Bearcat Autonomous Machines, Inc.

A.   You have extensive experience in electrical engineering, and have assembled a team with expertise in electronic, manufacturing, finance, sales and marketing. You form Bearcat Autonomous Machines, Inc. to manufacture and distribute innovative new autonomous lawn mowers called the Bearcat 315 X, the Bearcat 435 AWD, and the Bearcat 450 RPOS in the United States beginning in 2025.

B.   This product was engineered, patented and will be manufactured by your company.

C.   You patent the designs and underlying technology at a cost to you of $85,000. Your patent will be booked as an intangible asset at cost, which can be amortized over a 15 year period.

D.   You form the Bearcat Autonomous Machines, Inc. in Cincinnati, along with three other co- founders.

a.    Each co-founder has a specific area of expertise and will eventually work in or consult to the company as executives/managers at market rates.

b.    Each of the four founders make equity contributions in the amount of $250,000

c.    You issue 1,000,000 shares of common stock at $1.00 par value which is distributed among the founders.

E.    Bearcat Autonomous Lawn Mowers will be producing three variants as follows:

a.    75% of your sales will come from WHOLESALE sales of the Bearcat 415X units

b.    15% of your sales will come from WHOLESALE sales the Bearcat 435 AWD units

c.    10% of your sales will come from WHOLESALE sales the Bearcat 450 EPOS units

F.    You will sell the Bearcat Autonomous Lawn Mowers to existing retailers at a lower WHOLESALE price that allows them to add a 50% mark-up.

a.    You will sell the Bearcat 415X units at a WHOLESALE selling price of $975.00/each in 2025.

b.   You will sell the Bearcat 435 AWD units at a WHOLESALE selling price of $1,625.00/each in 2025.

c.    You will sell the Bearcat 450 EPOS units at a WHOLESALE selling price of $3,250.00/each in 2025.

G.   Bearcat Autonomous Machines applied for and was awarded a two grants from the state of Ohio as follows:.

a.    The Third Frontier MFG grant will award $300,000 in 2025

b.   The Ohio JOBS grant will award $120,000 in 2026

c.    Grant monies are considered taxable income

H.   You have received a commitment of investment from an Angel Investor cover operating expenses for the first few years.

a.    The Angel Investor will issue a convertible note in the amount of $500,000 that can convert into equity in the next liquidity event that will grant them a 20% discount to the pre-money valuation of the priced round.
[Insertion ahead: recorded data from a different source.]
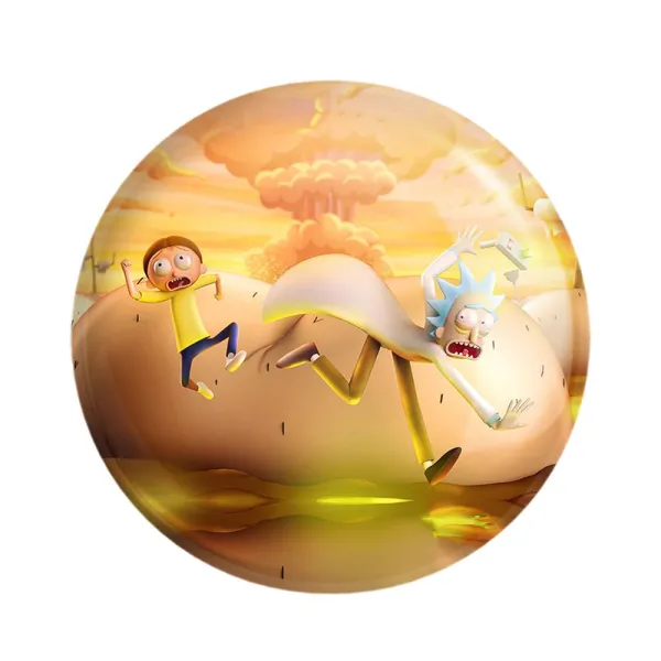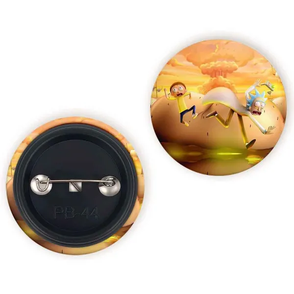 پیکسل 44 میلی متری انیمیشن ریک و مورتی Rick and Mort خندالو با روکش سلفون حرارتی مات مخملی ضدخش و قطعه پشتی رنگی تولید شده است.پلاستیکی پشت پیکسل با سوزن یک تکه ثابت و بدون لغزش و جا به جایی، ایستایی بسیار بهتری نسبت به پشتی فلزی پیکسل دارند که این مهم در تولید این محصول نیز رعایت شده است.
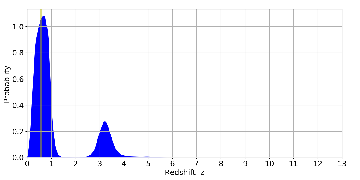 In P(z) plots: Yellow lines mark the cluster redshift z = 0.570,
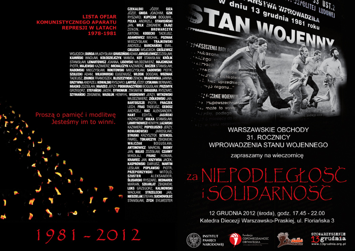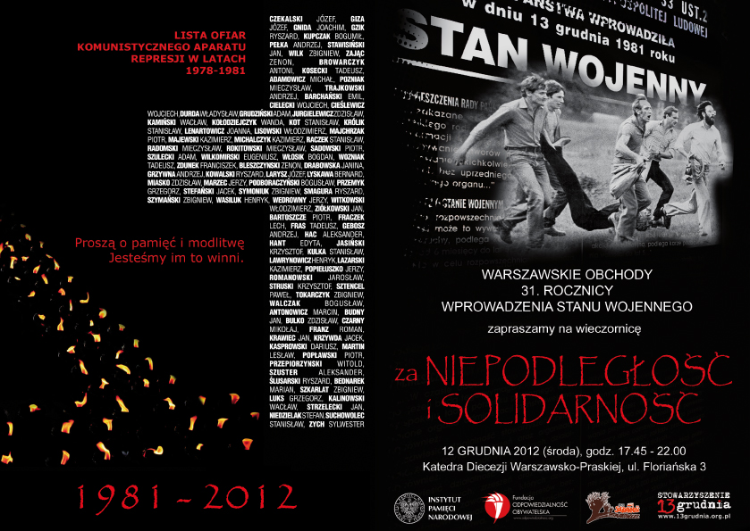 12 grudnia 2012 r. w Katedrze Warszawsko-Praskiej (ul. Floriańska 5, Warszawa) odbyła się wieczornica pt. „Za niepodległość i solidarność” w hołdzie ofiarom stanu wojennego. W intencji ofiar stanu wojennego odprawiona została msza św., następnie odczytano apel poległych oraz wystąpił Międzyuczelniany Chór Akademicki PRO PACE.
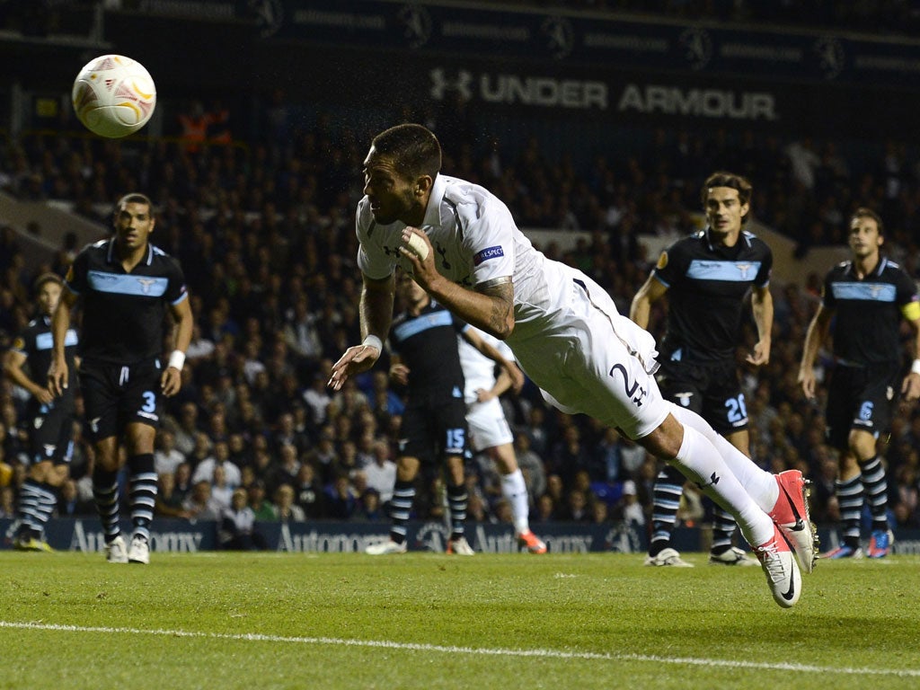 Lazio only had one real chance, when Alvaro Gonzalez volleyed against the bar just before the break, and the second half was all Tottenham. Defoe slid in Lennon, whose shot was hooked off the line by Luis Candava. Lennon ran at Gonzalez, who committed two bookable tackles on the winger but was only booked for the second of them.
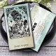 A unique tarot style makeup artist business card featuring a skeleton with tools of the nail technician. A unique style with a touch of humour. Ombre watercolor wash.
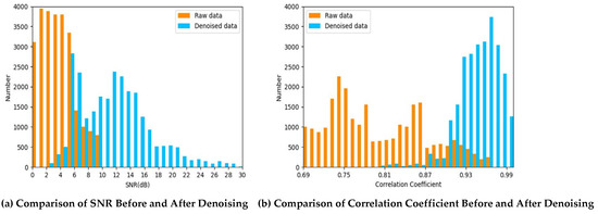 To preliminarily validate the feasibility of the denoising of the ARDU model, the model was tested on the prepared test set, and the test results are shown in Figure 7. The orange bars in the figure represent the seismic signal with noise before denoising, and the blue bars represent the seismic signal after denoising. According to the calculation in Figure 7a, the average SNR of the signal in the test set before denoising was 3.77 dB and the average SNR of the signal after denoising was 11.59 dB. The improvement in the SNR shows that the ARDU model can effectively remove the noise in seismic signals and enhance signal quality. According to Figure 7b, the correlation coefficient of the signal in the test set before denoising was mainly in the interval [0.69, 0.87] and the average correlation coefficient value was 0.8024. After denoising with the ARDU model, the correlation coefficient interval is increased to [0.87, 0.99], the average correlation coefficient value is 0.9484, and the correlation coefficient is close to 1. This shows that the ARDU model can protect effective signals and reduce waveform distortion. To sum up, the ARDU model has the feasibility of denoising seismic noise in the co-frequency band and it can significantly improve the quality of seismic signals.
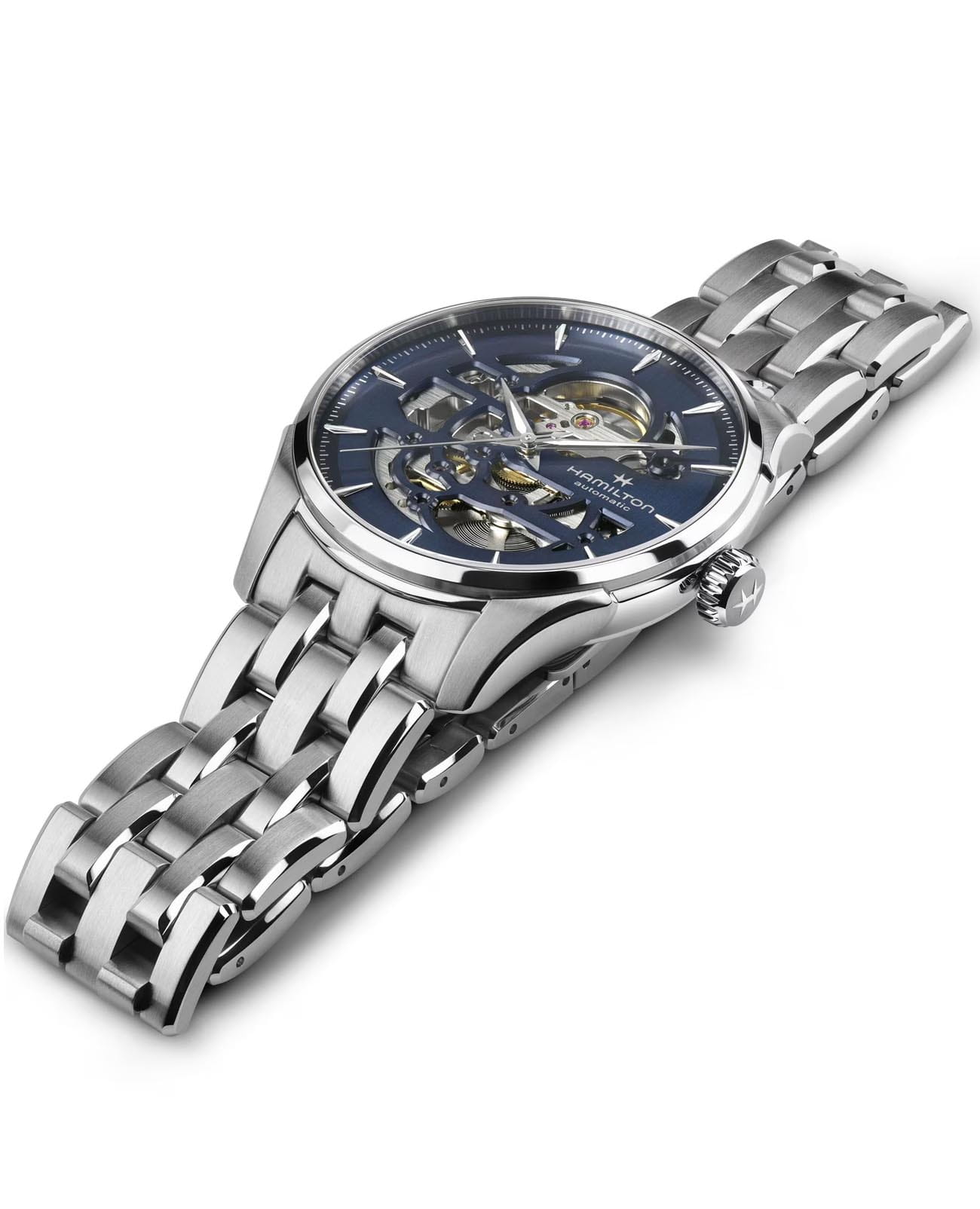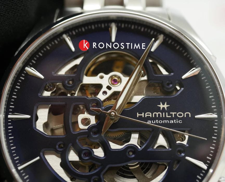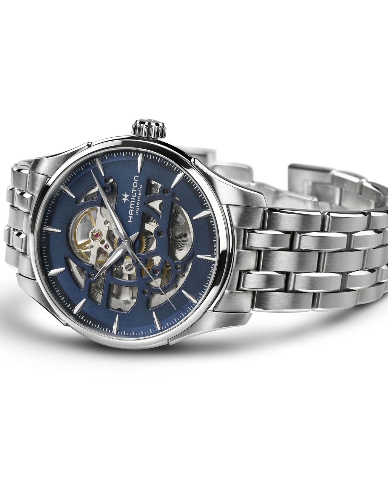 Мужские наручные часы-скелетоны Hamilton Jazzmaster Skeleton Auto H42535141 с надежным автоматическим механизмом. Корпус часов изготовлен из нержавеющей стали. Стальной браслет на раскладной застёжкеРаскладная застёжкаТакой тип застёжки используется только на браслетах из металла. Она никогда не раскрывается полностью, происходит разделение на 2 и более частей. Раскладывающая застёжка снизит вероятность потери часов к минимуму.. Сапфировое стеклоСапфировое стеклоПрочный и надёжный материал из кристалла сапфира синтетического происхождения, характеризующийся особой твёрдостью и устойчивостью к царапинам и повреждениям. с антибликовым покрытием. Стрелки и метки с люминесцентным покрытиемЛюминесцентное покрытиеПозволяет считывать показания времени в темноте. Производители наносят на стрелки, часовые индексы, безель или поверхность циферблата светонакопительный состав, дающий холодное свечение.. Уровень влагозащиты: 50 метров, позволит защитить корпус от случайных брызг или капель дождя.
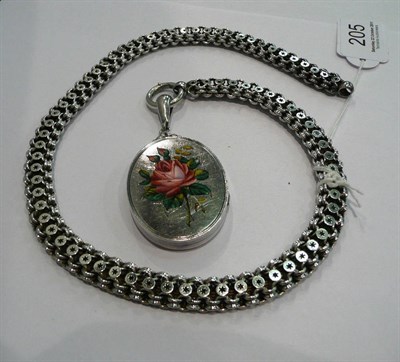 Lot 205 - A late Victorian star and link necklace, with locket enamelled with a rose

This will not be calculated until there is a liquidity event.

b.   The convertible note will tranche $250,000 in 2025 and $250,000 in 2026

c.    The convertible note will accrue interest, but not require payment during the first 5 years

d.    Interest will accrue as 8% simple interest on the outstanding balance of the convertible note, and book it as a note payable on your Balance Sheet.

e.    The long term liability of the convertible note will increase by the amount of the accrued interest each year, on the first day of the following year.

f.    The convertible note should be calculated as part of the pre-money valuation.

I.     You are negotiating for an investment from a Venture Capital firm to add additional runway to your operating expenses and to explore line extensions for production in your manufacturing facility.

a.    The Venture Capital firm is considering making an equity investment of $1,000,000 and your pro forma financial statements will determine the necessity of this.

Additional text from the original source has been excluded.